After working for Golden Cockerel for a period the appellant obtained a position in the hanging dock where his duties involved removing hens from the cages of delivery trucks and securing them in a stirrup set up as they entered the factory. The appellant, according to the evidence, told the foreman that he had had his big toe amputated and in consequence he may not be as quick as fellow workers. As with all employees he was issued with a uniform consisting of a shirt, pants, rubber boots and gloves. He understood that the purpose of wearing the boots was to prevent slipping in the wet conditions of the hanging dock. The initial pair of boots he was provided with were “unsatisfactory” in that the right boot was “a little tight”; as a result he cut a slit in the top of the boot. He wore those boots from May 1987 until November 1987 when the soles wore down and he was issued with a new pair of boots. The new boots “felt different” but “didn’t feel uncomfortable”; he didn’t have to cut a slit in them. Within a week of wearing the new boots he noticed a blister on his foot which ultimately turned into the ulcer referred to previously.
The appellant alleged that Golden Cockerel was negligent in providing him with inadequate protective footwear, failing to inform him that he should inform his employer if the boots did not fit him properly, failing to take all reasonable steps to ensure that the boots which it provided were suitable for and fitted his feet, and in failing to provide him with a reasonably safe place in which to work. On the material led at the trial the learned trial judge concluded that there was “no evidence that the footwear was not suitable to be worn by an employee without the disability suffered by the plaintiff.” A finding was made that it was not established by the evidence that the “footwear was unsuitable”. The learned trial judge also concluded that there was “no evidence that the bacteria that infected his foot came from chickens”.

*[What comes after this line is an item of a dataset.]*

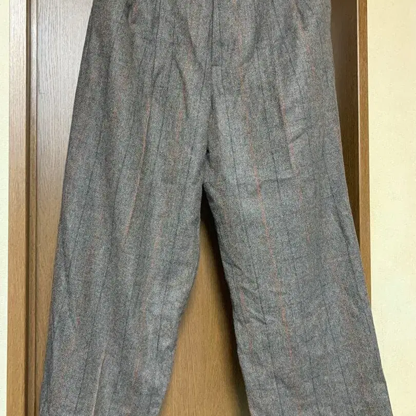 헤링본 무늬의 브라운 계열 와이드 팬츠, 프론트 버튼이 있고 백 포켓이 있습니다.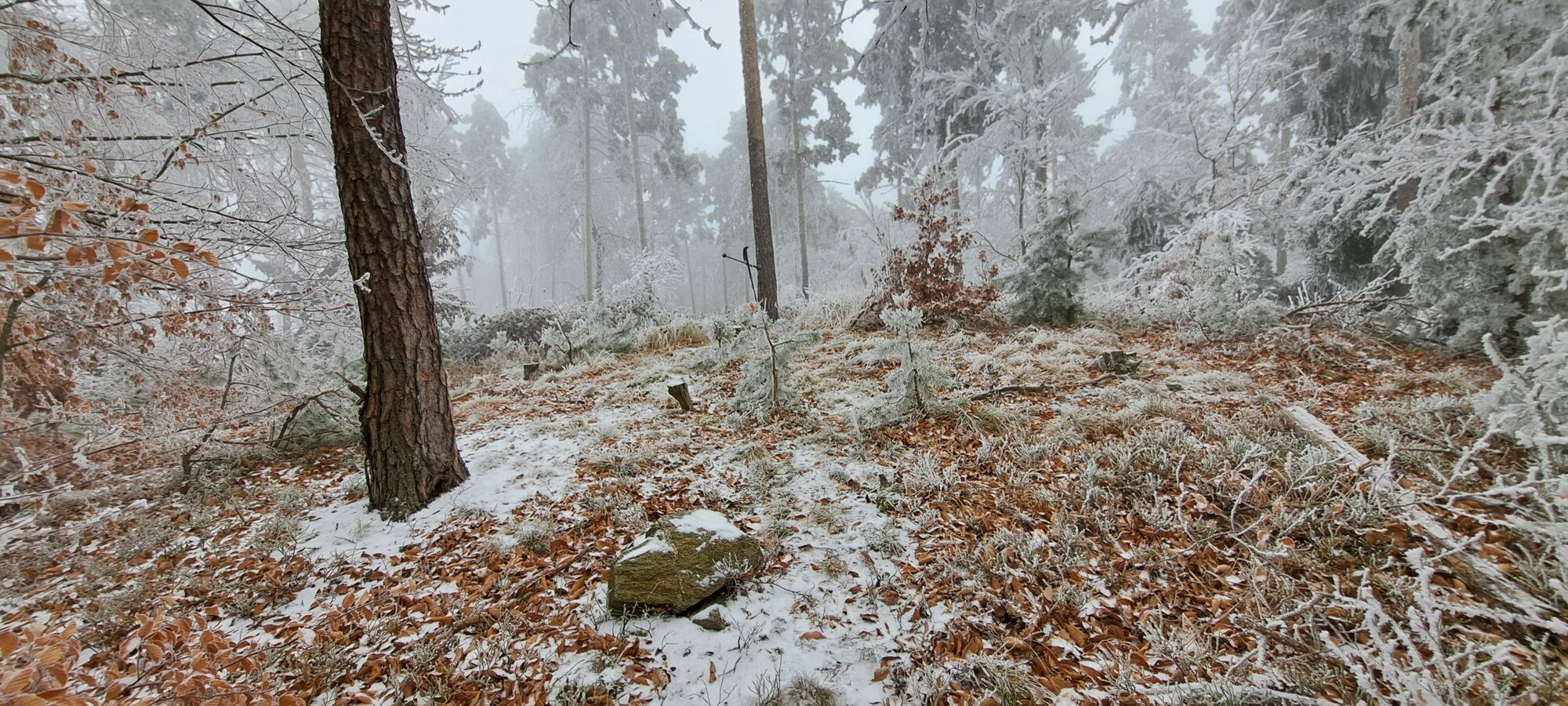 Auf der Forststraße weiter bis zur etwas offeneren Wegkreuzung zum zweiten rechts wegführenden Forstweg. Auf diesen zum Pemexel mit den vielen annähernd gleich hohen Gipfel. Bei der Tafel Pemexel und den Wegschildern ist er wahrscheinlich nicht.

All of that led to a finding that negligence was not established against Golden Cockerel. That finding was not seriously challenged on appeal, and was clearly made on evidence before the court.
The real challenge on appeal was to the conclusion that the evidence did not establish breach of statutory duty resulting in injury to the appellant. The appellant relied on clause 7 of Rule 10 of the Meat Industry Safety Rules.
The reasoning of the learned trial judge is to the effect that there was no evidence that the footwear supplied to the appellant was not suitable or not designed for safety in the use to be made of it. There was also no evidence that the footwear was not maintained in safe and serviceable condition. The mere fact that the appellant suffered a blister whilst wearing the footwear does not demonstrate that the footwear provided was not used safely and competently.
In the circumstances the submissions of the appellant do not establish that the learned trial judge erred in reaching the conclusion there was no breach of statutory duty.
It follows that the appeal should be dismissed with costs.
WHITE J: I have read the reasons for judgment of Williams JA and agree with his Honour for the reasons which he gives that the appeal should be dismissed.